Question

Earth's neighboring galaxy, the Andromeda Galaxy, is a distance of 2.54×107 light-years from Earth. If the lifetime of a human is taken to be 90.0 years, a spaceship would need to achieve some minimum speed vmin to deliver a living human being to this galaxy. How close to the speed of light would this minimum speed be?

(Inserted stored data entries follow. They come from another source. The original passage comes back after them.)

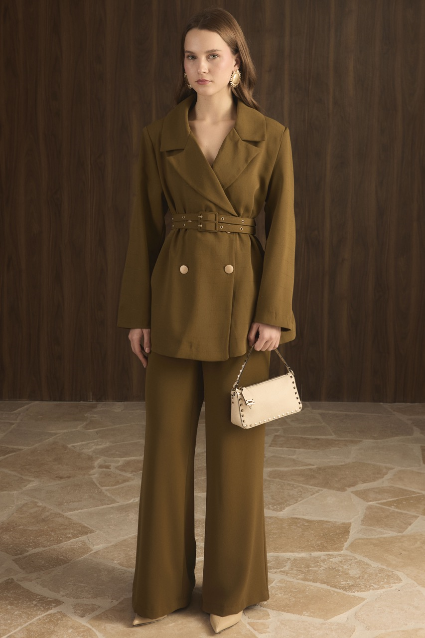 This sophisticated Veranka belted blazer set in olive green combines timeless elegance with modern style. Perfect for both professional settings and casual outings, the tailored fit and versatile design make it a must-have addition to your wardrobe.
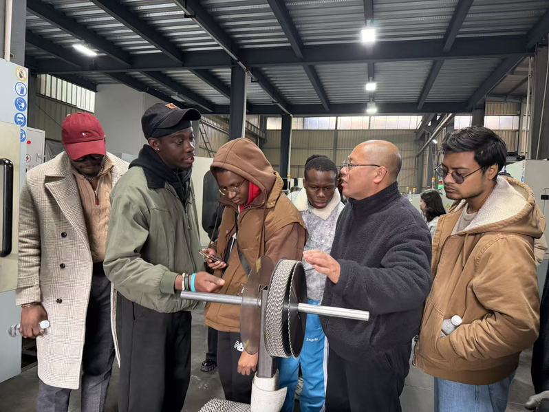 座谈会后,师生一行实地走访了浙江先锋工具、浙江骏业工具两家精密磨具制造企业,以及专注于智能锁具研发制造的浙江科熊智能科技有限公司。企业负责人详细介绍了公司核心竞争力、市场定位与外贸业务,留学生们深入生产车间、研发中心与产品展示厅,全程观摩从原材料到精密成品的制造流程,对“中国智造”与外贸出口运作模式有了直观而深刻的认识。
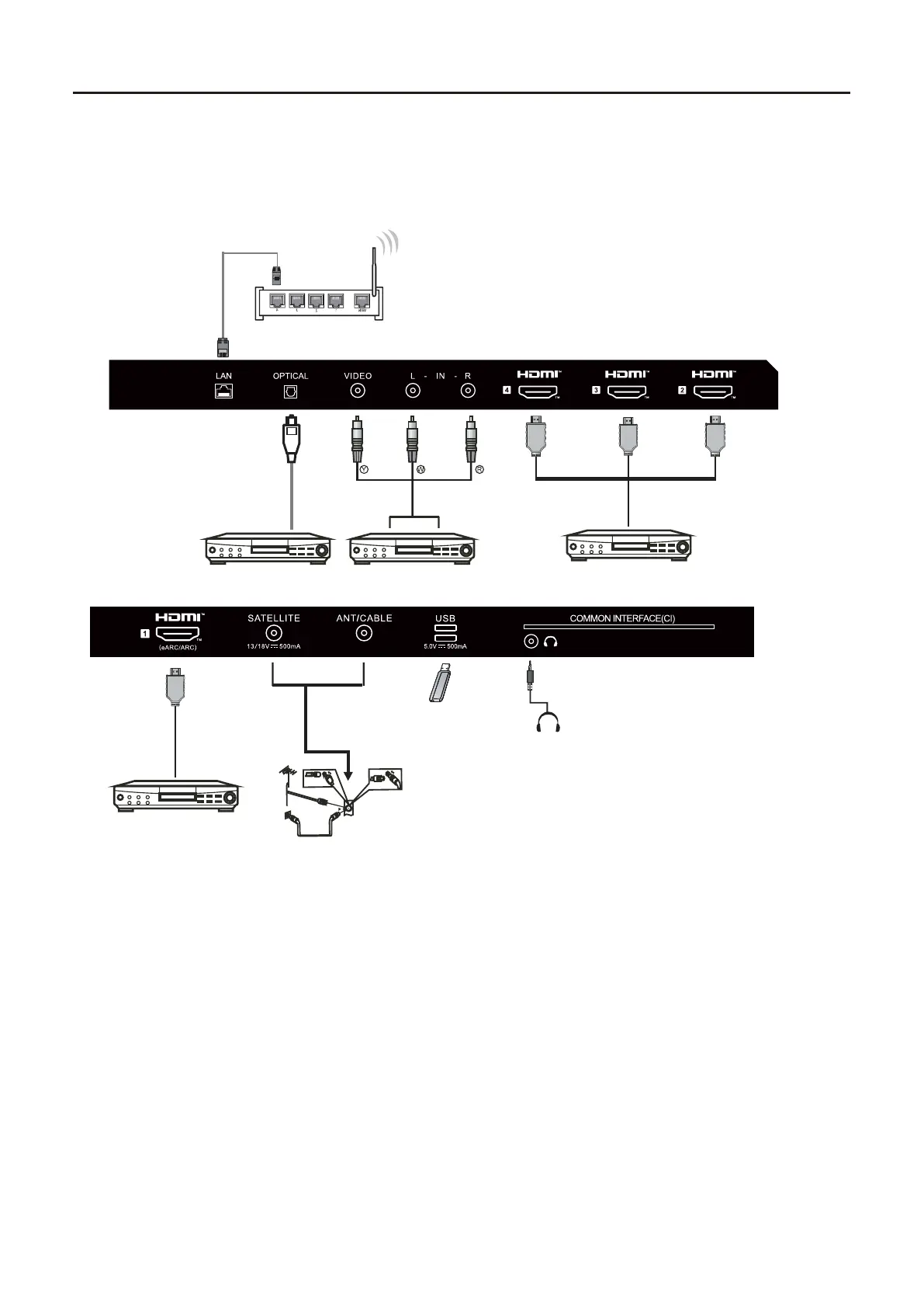 Det kan forbindes til følgende enheder: VCR, multidiskafspiller, DVD, camcorder, videospil, stereosystem osv...
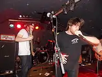 The 3tards were a Canadian hardcore punk rock band that was formed in Brampton, Ontario, in 2001.[40] They released two full-length albums - Greatest Hits Vol. 2 (Wounded Paw, 2004, re-released by Spinerazor/Universal Music Canada, 2006) and Crystal Balls (Spinerazor/Universal Music Canada, 2005).[41] They were known for their satirically outrageous, vulgar and sexual lyrics, wild live shows including costumes, theatrics (they've staged live births,[42] circumcisions,[43] blood baptisms,[44] etc. as part of their act), and socially liberal politics (for example following its legalization in Canada they held a mock gay wedding on stage between John Tard and Fox Tard, including a passionate kiss between the two).[45] They have been described as "Canada's most politically incorrect punk band."[46]
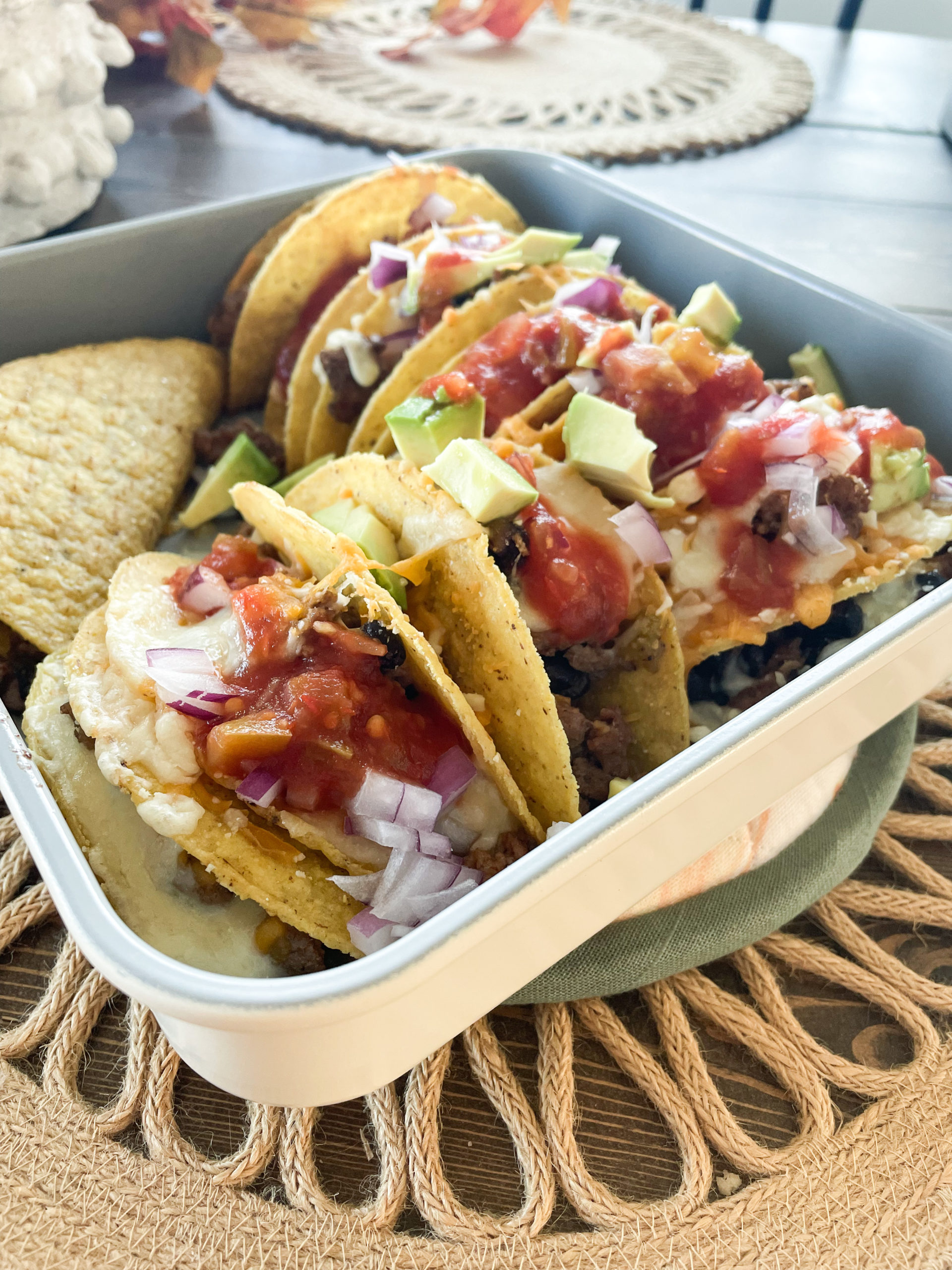 Back with another easy taco Tuesday night meal for you! These baked beef tacos are so delicious and under 30 minutes! If you're not a fan of beef you can easily switch it up with shredded chicken or just beans and cheese!

Express your answer as the difference between vmin and the speed of light c.

Answer 1

Answer:

$0.0018833\ \text{m/s}$

Explanation:

$d$ = Distance of Andromeda Galaxy from Earth = $2.54\times 10^7\ \text{ly}$

$t$ = Time taken = $90\ \text{years}$

$c$ = Speed of light = $3\times 10^8\ \text{m/s}$

We have the relation

$t=t_o\sqrt{1-\dfrac{v^2}{c^2}}\\\Rightarrow 90=2.54\times 10^7\sqrt{1-\dfrac{v^2}{c^2}}\\\Rightarrow \dfrac{90^2}{(2.54\times 10^7)^2}=1-\dfrac{v^2}{c^2}\\\Rightarrow 1-\dfrac{90^2}{(2.54\times 10^7)^2}=\dfrac{v^2}{c^2}\\\Rightarrow v=c\sqrt{1-\dfrac{90^2}{(2.54\times 10^7)^2}}$

$c-v=c(1-\sqrt{1-\dfrac{90^2}{(2.54\times 10^7)^2}})\\\Rightarrow c-v=3\times 10^8(1-\sqrt{1-\dfrac{90^2}{(2.54\times 10^7)^2}})\\\Rightarrow c-v=0.0018833\ \text{m/s}$

The required answer is $0.0018833\ \text{m/s}$.